遺言執行者観に関する謬説がなくなるまで①
死亡
戦前は、家督相続という制度があり、戸主が隠居したり養子に入った戸主がその家を去ると、戸主が変わって家督相続が開始することもあったのですが、現在は家督相続というものはなく、たんに財産相続のみになり、また、相続は人の死亡のみで開始することになりました。
人の死亡が確認できる場合は、医療機関の死亡推定時刻が、死亡の時とされます。
死亡とみなされる「失踪宣告」
人の死亡とみなされる制度に、失踪宣告というものがあります。
失踪宣告には、「普通失踪宣告」と「特別失踪宣告」があります。
普通失踪宣告は、所在不明になった人が7年間生死不明のときになされます。その場合は、7年間の失踪期間が満了した時に死亡したものとされます。
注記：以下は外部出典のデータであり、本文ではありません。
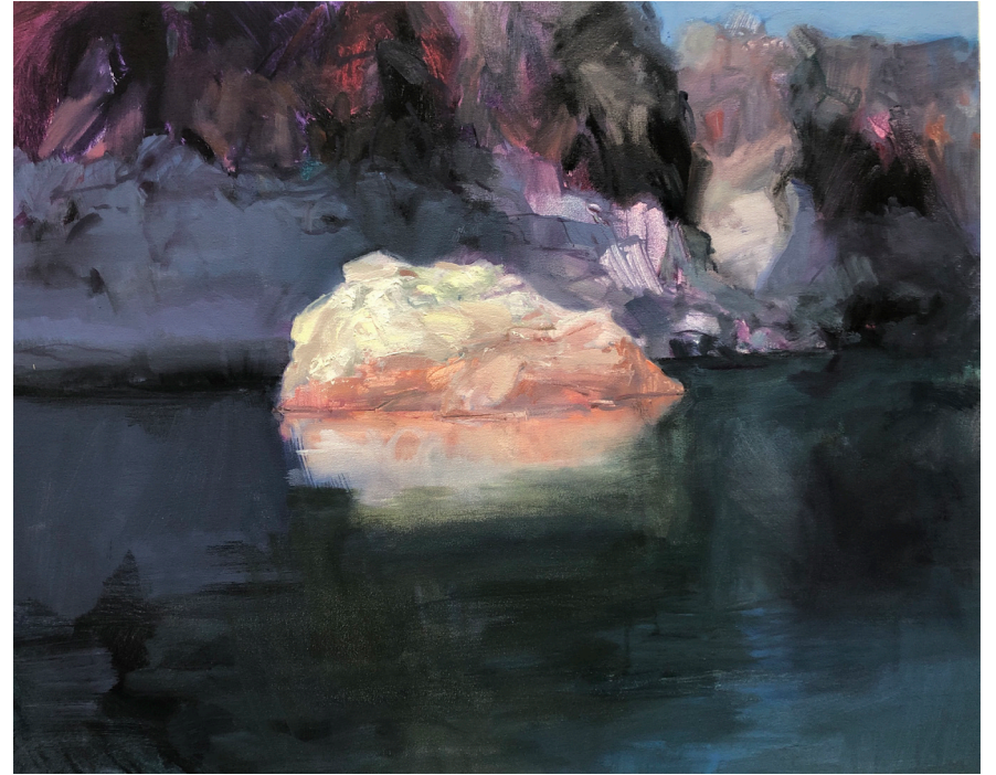
Kerry McInnis, Monolith 2 , 2021. Oil and oil stick on canvas, 61 x 77 cm $4,500

特別失踪宣告は、乗っていた船が沈没して行方不明になった人など死亡が強く推定されるような危難に遭った人の場合は、危難が去った後1年間生死が分からないときになされます。その場合の死亡の時期は、失踪期間満了の時ではなく、その前の危難が去った時(例えば海難事故の場合、海が静まり救出作業が開始した頃)にになります(民法31条)。
失踪宣告がなされますと、相続が開始するほか、生命保険金の請求も可能になります。